私は情報屋の部屋を出て、ジャンク・ハウンズという店を後にすることにした。次に、娼館を経由して平民層へ向かった。娼館はアンダーグラウンドと平民層を繋ぐ唯一の場所であり、地下でも地上でも多くの娼婦たちが客引きをしている。私はその中をすり抜けて、ナタルス亭に向かった。

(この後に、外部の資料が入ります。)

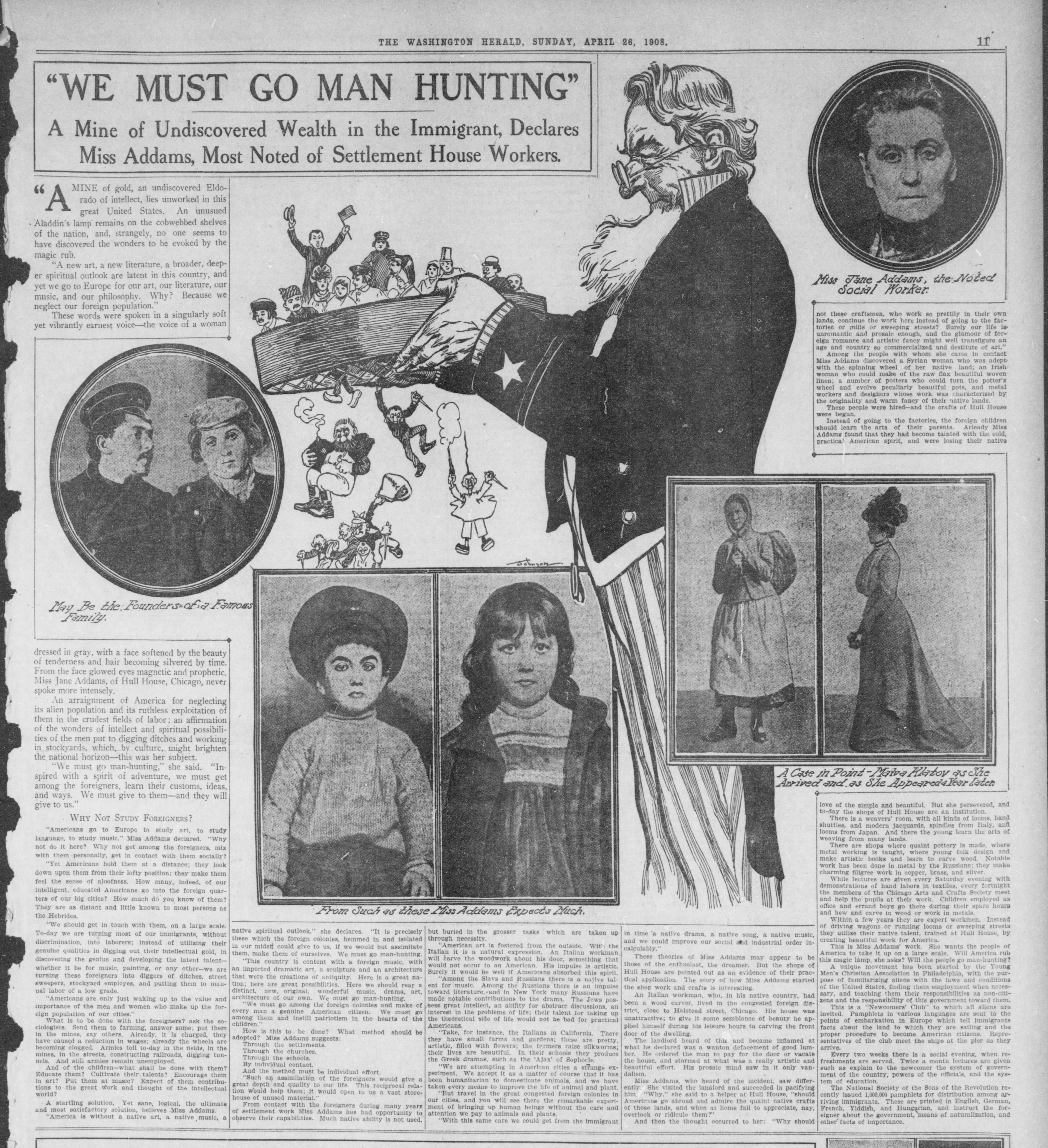 "Americans go to Europe to study art, to study language, to study music," Miss Addams declared. "Why not do it here? Why not get among the foreigners, mix with them personally, get in contact with them socially?
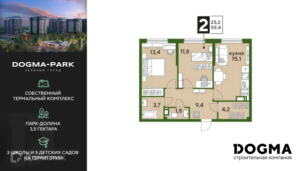2 комн. квартира в Краснодаре в ипотеку от 64 238 руб/месяц
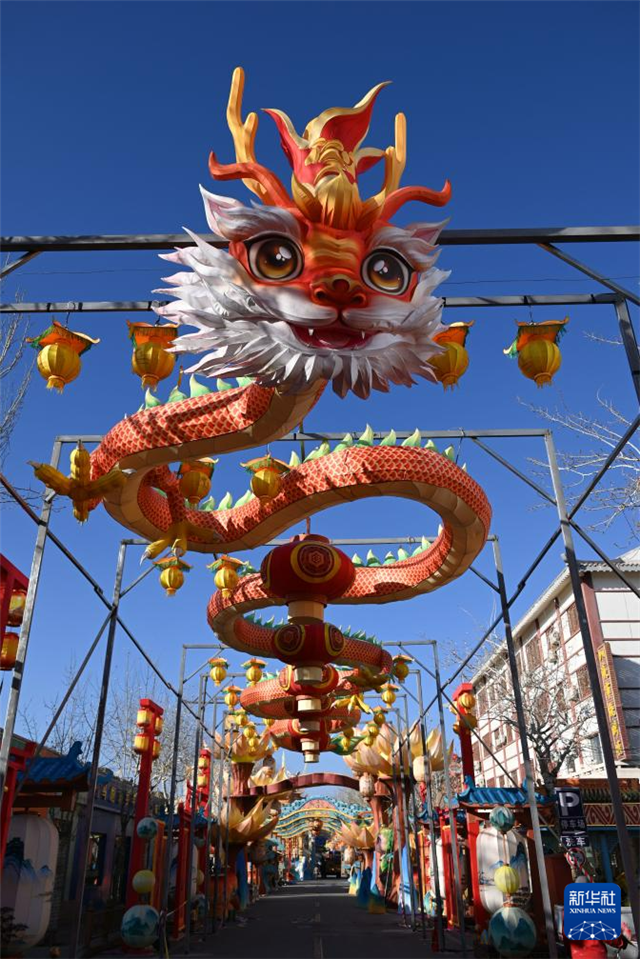 这是12月28日在敦煌夜市拍摄的特色花灯安装现场。新华社发(张晓亮 摄)
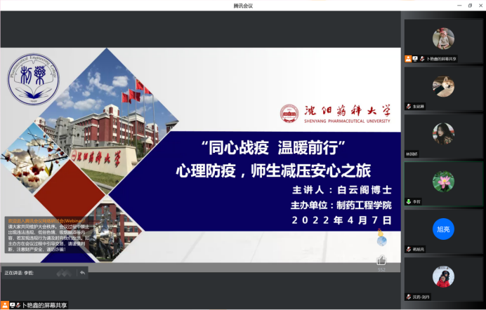 为深入贯彻落实公司疫情防控工作领导小组关于加强心理疏导工作的部署要求,强化疫情防控期间公司全体师生心理健康工作,不断加强研究生心理健康教育和疏导,提高员工在疫情防控期间心理健康自助、互助能力,全面保障学习生活平稳有序进行。4月7日,意昂2举办了主题为“同心战疫 温暖前行”———心理防疫,师生减压安心之旅心理健康讲座,邀请辽宁省心理特级教师白云阁博士开展线上心理健康讲座,全院500余师生参加了此次心理健康讲座,会议由公司党委书记李哲主持。
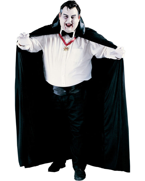 This Big and Tall Black Plus Size Adult Cape is perfect for completing your next Halloween costume, whether you're a vampire, warlock, magician or devil, you can be sure that this cape will keep you looming, dark and sinister. The cape measures over 180cm in length, is black and features a stiff upturned collar with a ribbon tie at the neck. Get this cape now so you're ready for Halloween!
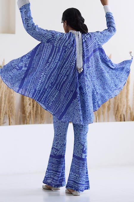 Blue draped top featuring abstract print with tassel and metal coin embellishments. Paired with matching bell bottom pant for a cohesive look.
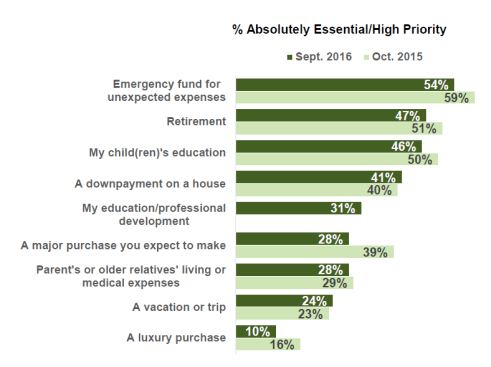 - Millennials: Emergencies (61%), children’s education (52%), retirement (48%), professional development (45%), and a home down payment (40%);
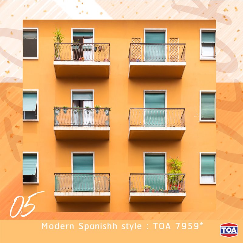 5. จะมีอะไรคูลไปกว่าการแต่งบ้านให้ดูเหมือนอยู่ต่างประเทศตลอดเวลา กับบ้านแบบ Modern Spanish ที่สามารถนำไอเดียมาใช้กับอาคารพาณิชย์ในบ้านเราได้ ด้วยตัวอาคารทรงกล่องแบบเรียบง่าย กรอบหน้าต่างตัดปูนบัวเป็นสันนูน แต่เลือกใช้เหล็กดัดเส้นบางดัดโค้งเป็นลวดลายสวยงาม ตกแต่งด้วยไม้เขตร้อนอย่าง อากาเว่ ( Agave ) และทาสี TOA 7959*
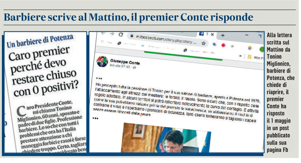 Il 29 aprile Tonino, salone in via Petruccelli a Potenza, scrive al presidente del Consiglio
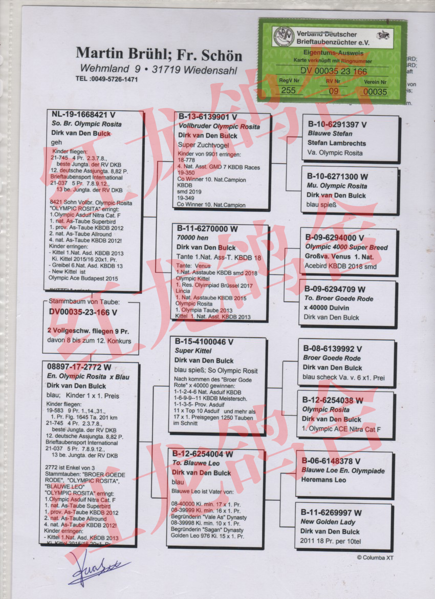| 1651186 | 威廉迪布恩“奥林匹克汉斯”回血鸽 | ¥0元 | 0次 |
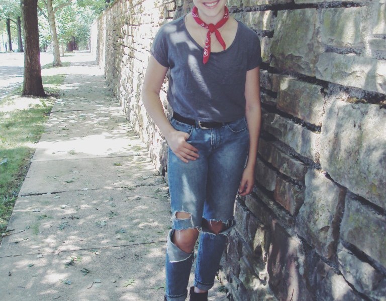 As for piecing together my own look, the 6397 pre-fall 2015 collection was a great starting point for showcasing my casual side. I began by pairing my favorite pair of boyfriend jeans with a slouchy T-shirt, keeping in mind to play up the tomboy look through the shapelessness of the shirt and pants. I decided to opt for a gray shirt to keep up with the muted color palette and let the jeans take center stage—I mean, I couldn’t rave about boyfriend jeans for an entire article and not show them off! The only catch to this look was being mindful not to be too casual, or else I risked looking like a little, slouchy rain cloud. To avoid looking frumpy, I played up the miscellaneous pops of red scattered throughout the collection with a fun bandana to add some color and create the illusion of a higher neckline as seen via turtlenecks and popped collars. To seal the deal, I topped the look off with a pair of simple ankle booties to add height and accentuate the cuff in my jeans.
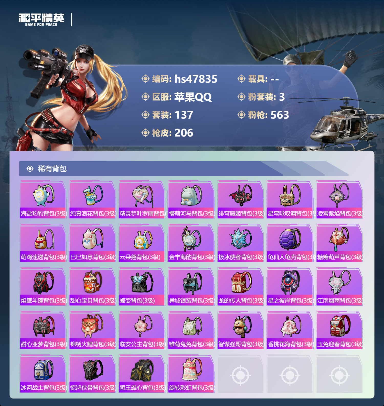 游戏区服:和平精英 / 苹果系统 / QQ帐号
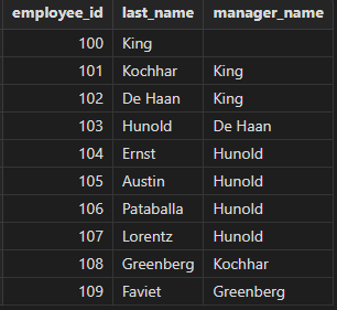 select e1.employee_id, e1.last_name, e2.last_name as manager_name from employees e1 left join employees e2 on e1.manager_id = e2.employee_id
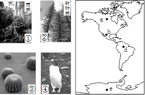 小题4:根据美洲、南极洲的简图可知对应地点、景观是:a—②, b-③,d- ①,e-④。
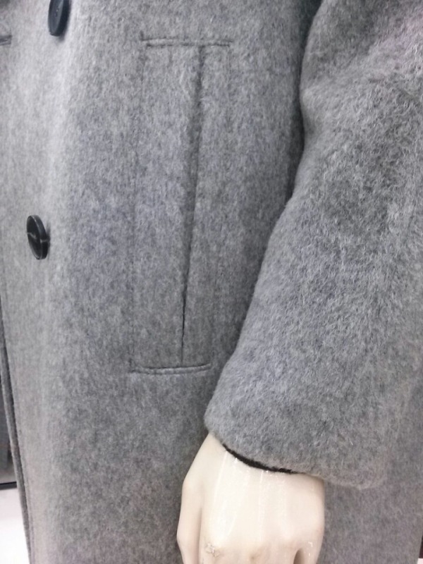 클래식한 느낌의 더블 모직코트^^메인 포켓과 와이드한 테일러드 라펠 디자인이 돋보이는 클래식 코트입니다
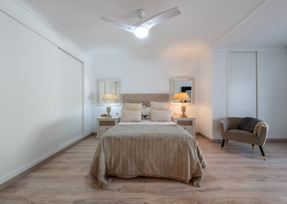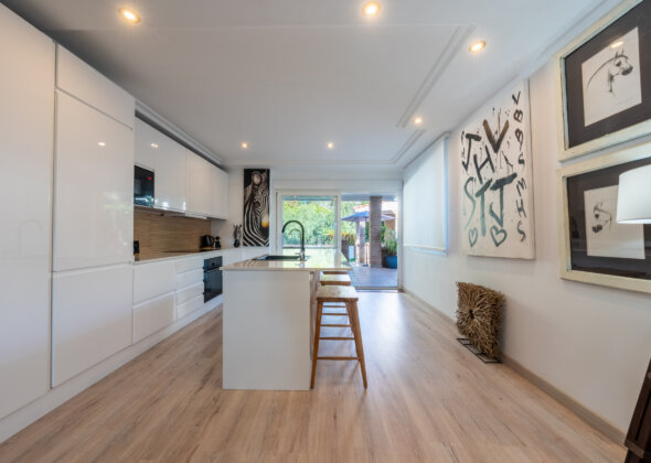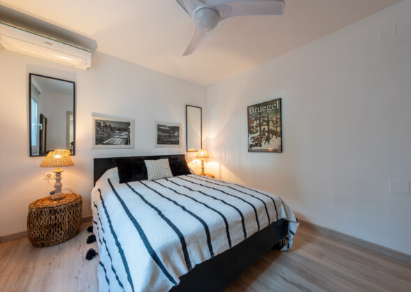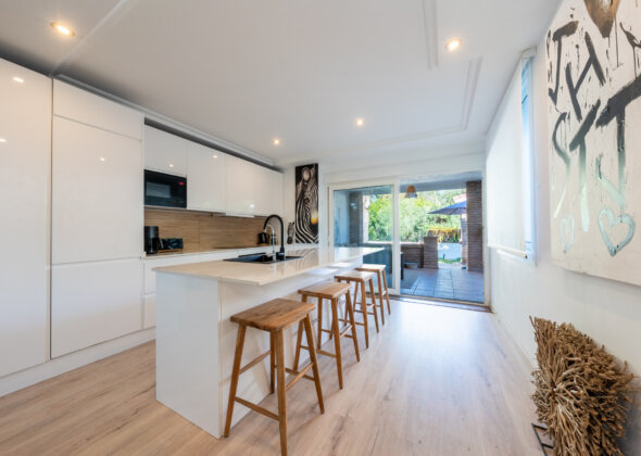 The open, functional kitchen complements the home’s style with clean lines and subtle earthy finishes, ideal for both everyday living and entertaining. All three bedrooms are generously sized, designed as serene retreats with layered textiles, natural woods, and a calm, airy feel. The bathrooms follow the same aesthetic, combining simplicity with character.

ナタルス亭は地元でも人気の酒場で、いつも賑わっている。その中でどうやって困っている人を探せば良いのか。しかし、そんな心配はすぐに解決された。

 

「すみません、そこの方!」

 

カウンターに座っていた男性に声をかけられた。彼は若い男性で、私より少し年上といったところだろうか。少し破けたシャツにズボンを履いており、あまり清潔感は無かった。あと磯の香りがした。漁業の仕事でもしているのだろうか。

 

「どうしたの?」

「実は、ちょっとお願いしたいことがありまして……」

 

私は男の隣に座った。

 

「何?」

「あの、この街の近くにあるスパイダーフォレストという所で、指輪を落としてしまって……」

「探して欲しいと」

「はい!お願いできますか?」

 

男はそう言って頭を下げてきた。

 

「の前に、まずは報酬の話をしましょう。ただ働きとはいかないから」

「えっと……金貨2枚でどうですか?」

「足りない」

「じゃあ3枚……」

 

私は首を横に振った。

 

「では、祖父が使っていたブーツを……」

「待って、そのブーツは魔法がかかっている?」

「は、はい。祖父の代から伝わる由緒正しい靴です」

「それでいいよ」

「ほ、本当ですか!?」

「どこで落としたか分かる?」

「はい……。確か、洞窟の奥にある蜘蛛の巣辺りで落としました」

「どうしてそんな奥まで……?」

「その……酔って友達との度胸試しで入ったら落としちゃって」

 

私は思わず天を仰ぎそうになった。

 

「他に特徴は?」

「黒い宝石が埋め込まれています」

「それだけで十分」

「あと、嫁にこの事は伝えないでください。絶対に怒られるんで」

 

そりゃそうでしょと言いたくなったけど、それもグッと堪えることにした。

 

「分かりました。お任せ下さい」

「あと、俺がデッド・キャリアで賭けていたということも内緒にしてください!」

「それは聞いてないよ!」

 

思わず声を上げて突っ込んでしまった。

 

「……わかったから安心して待ってて」

 

私は呆れながらも、依頼を引き受けて店を出た。早く帰らなければ。もう空に暗闇が広がってきている。私は急いでウッドロック・インに向かおうとするけど、殺気のようなものを背中から感じた。その殺気はどこまでも冷たく、まるで氷柱のように鋭かった。私を狙っているに違いない。裏路地に入り、私は後ろを振り向いた。

 

「さっきからどうしたの?」

 

そう声をかけても人の姿は見えない。だけど、確かに気配を感じる。私は剣を抜いて構えた。神経を尖らせながら周囲を警戒する。

 

「……っ!」

 

殺気は上から降り注いだ。強襲を剣で防ぐ。金属同士がぶつかり合う音が響き渡った。暗殺者は身を翻しながら着地し、ナイフを構え直した。黒いフードを深く被った人物だ。顔はよく見えないけど、敵意は剥き出しだった。

 

「今は急いでいるの。さっさと終わらせる」

 

私が駆け出すと、相手もそれに合わせて走り出した。影が道を覆い尽くす中、戦いは始まった。